[DATA FOR PROCESSING]

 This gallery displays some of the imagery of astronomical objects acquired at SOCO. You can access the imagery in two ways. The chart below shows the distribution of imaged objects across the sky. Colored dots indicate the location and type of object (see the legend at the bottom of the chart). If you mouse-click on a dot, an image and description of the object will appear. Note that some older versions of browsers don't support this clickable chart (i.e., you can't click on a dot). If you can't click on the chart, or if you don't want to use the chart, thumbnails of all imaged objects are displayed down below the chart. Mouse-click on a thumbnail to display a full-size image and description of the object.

[/DATA FOR PROCESSING]
[DATA FOR PROCESSING]

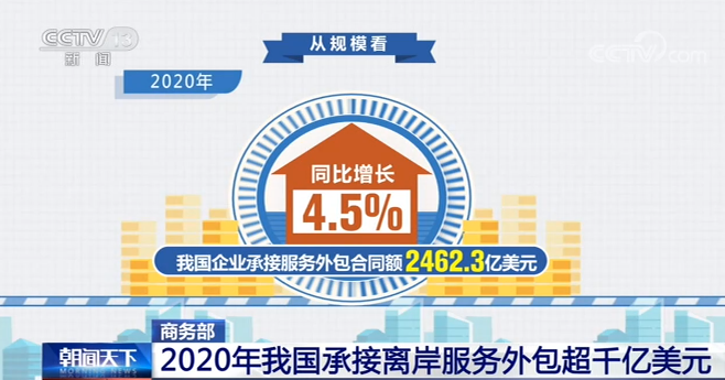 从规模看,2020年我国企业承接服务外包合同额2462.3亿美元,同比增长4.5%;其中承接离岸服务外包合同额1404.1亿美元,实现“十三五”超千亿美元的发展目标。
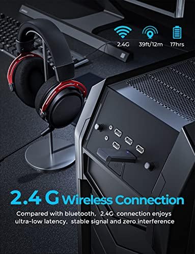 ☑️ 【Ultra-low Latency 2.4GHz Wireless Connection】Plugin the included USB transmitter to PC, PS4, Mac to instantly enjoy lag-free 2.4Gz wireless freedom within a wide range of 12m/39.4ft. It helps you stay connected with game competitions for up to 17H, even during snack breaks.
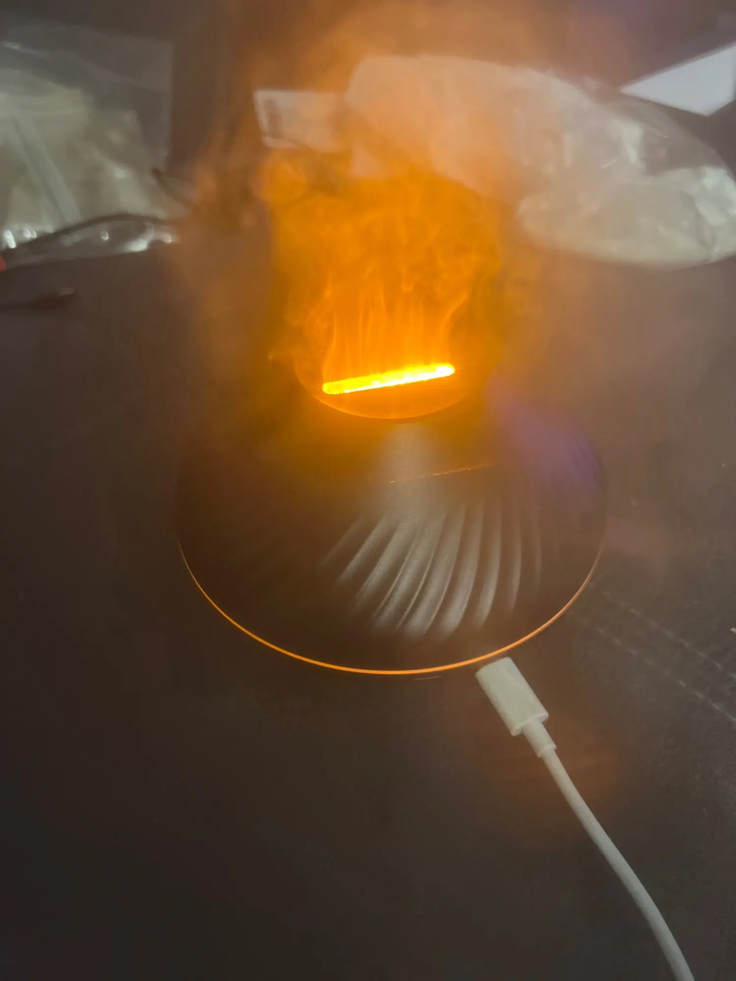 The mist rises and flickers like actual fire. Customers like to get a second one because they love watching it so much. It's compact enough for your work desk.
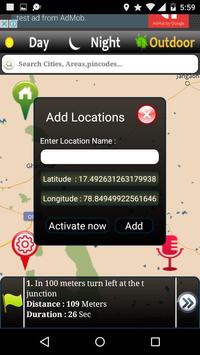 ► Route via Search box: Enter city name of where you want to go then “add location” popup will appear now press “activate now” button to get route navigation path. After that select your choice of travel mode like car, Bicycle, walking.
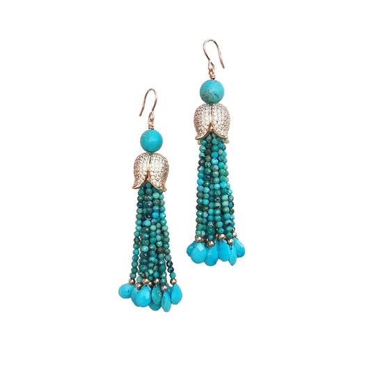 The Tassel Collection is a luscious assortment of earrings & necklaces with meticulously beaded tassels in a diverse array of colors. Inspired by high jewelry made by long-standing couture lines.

[/DATA FOR PROCESSING]
[DATA FOR PROCESSING]

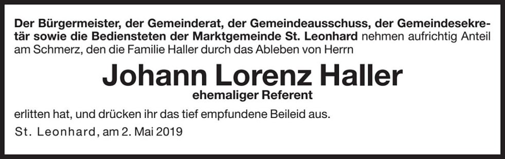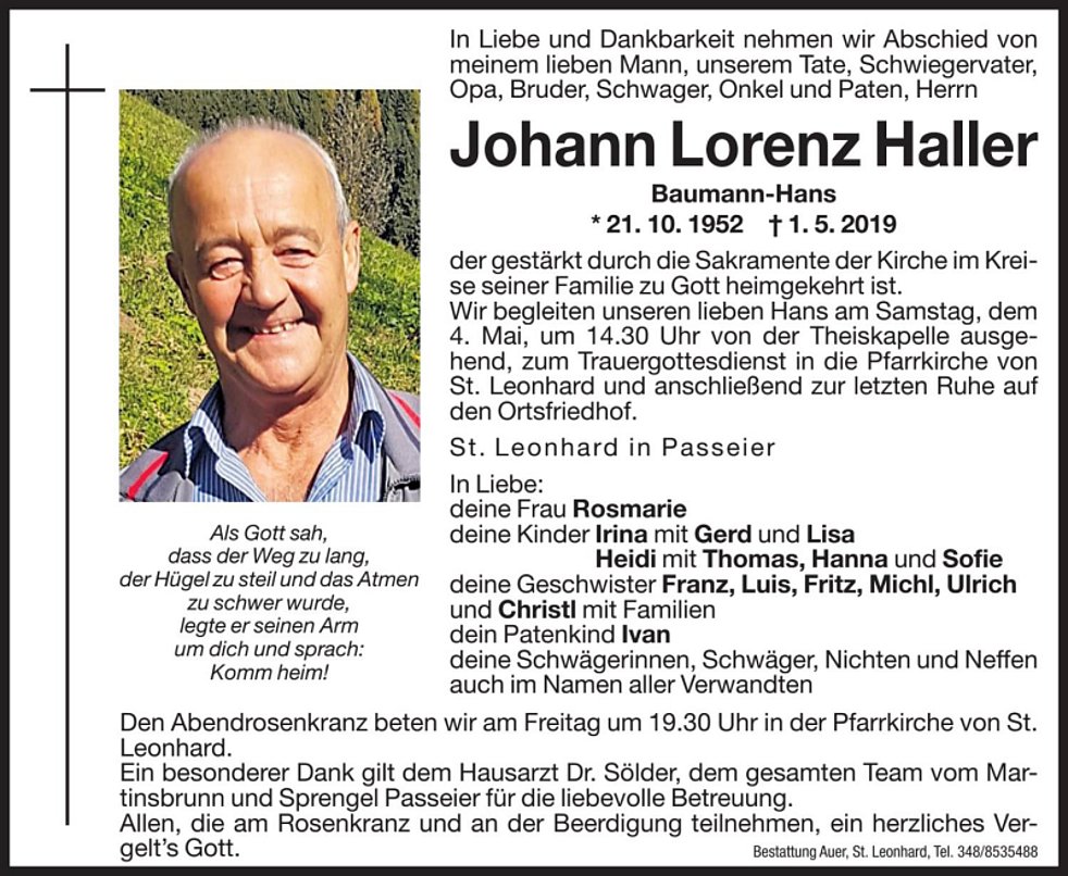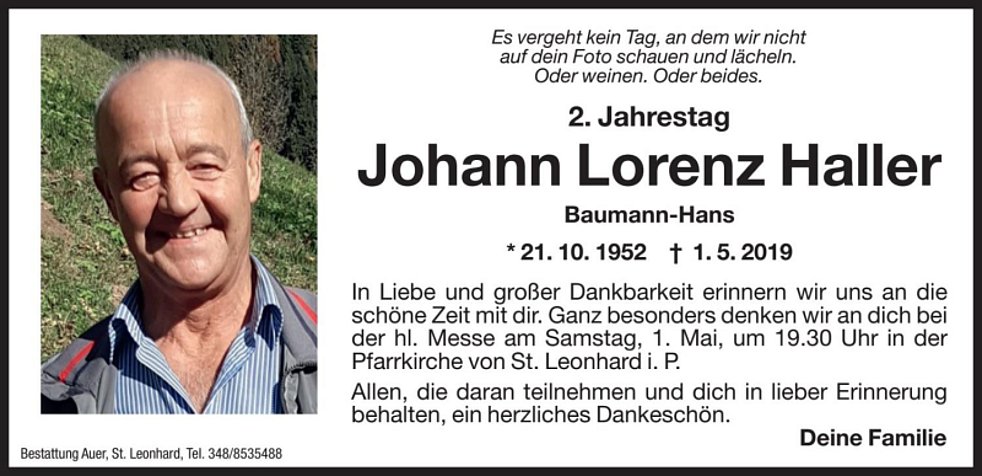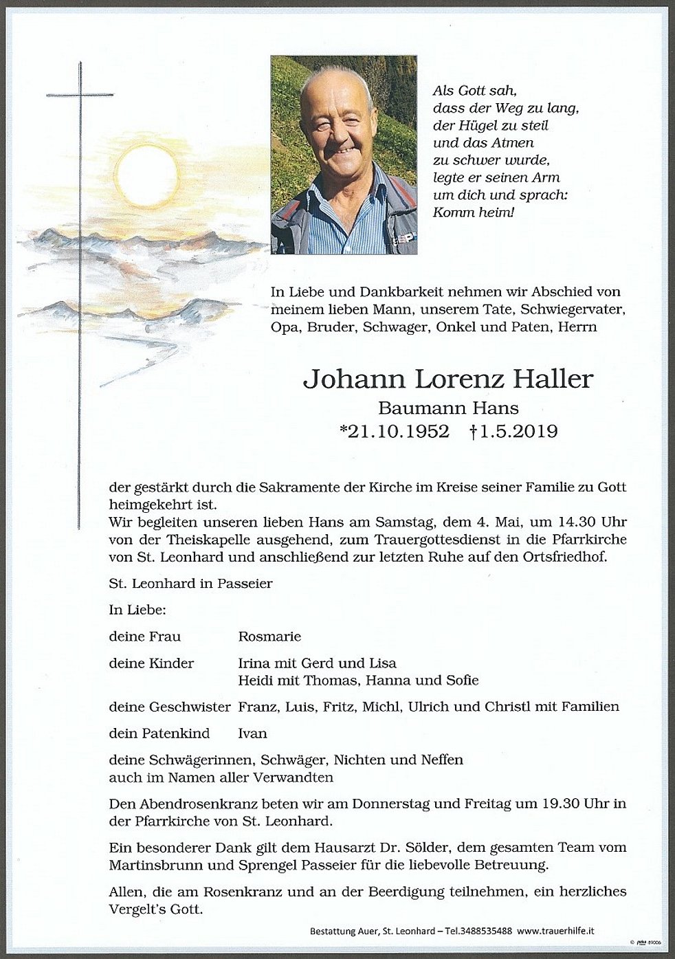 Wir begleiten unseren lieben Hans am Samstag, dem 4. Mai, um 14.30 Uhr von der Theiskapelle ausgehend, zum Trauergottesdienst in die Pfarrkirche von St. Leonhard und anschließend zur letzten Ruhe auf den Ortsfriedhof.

[/DATA FOR PROCESSING]

- TASK ITEM
Transcribe the listing above exactly, but only from the line with "从规模看,2020年我国企业" through the line with "during snack breaks.". Include both of those lines and omit the pictures.

- RESULT FOR THIS TASK
 从规模看,2020年我国企业承接服务外包合同额2462.3亿美元,同比增长4.5%;其中承接离岸服务外包合同额1404.1亿美元,实现“十三五”超千亿美元的发展目标。
 ☑️ 【Ultra-low Latency 2.4GHz Wireless Connection】Plugin the included USB transmitter to PC, PS4, Mac to instantly enjoy lag-free 2.4Gz wireless freedom within a wide range of 12m/39.4ft. It helps you stay connected with game competitions for up to 17H, even during snack breaks.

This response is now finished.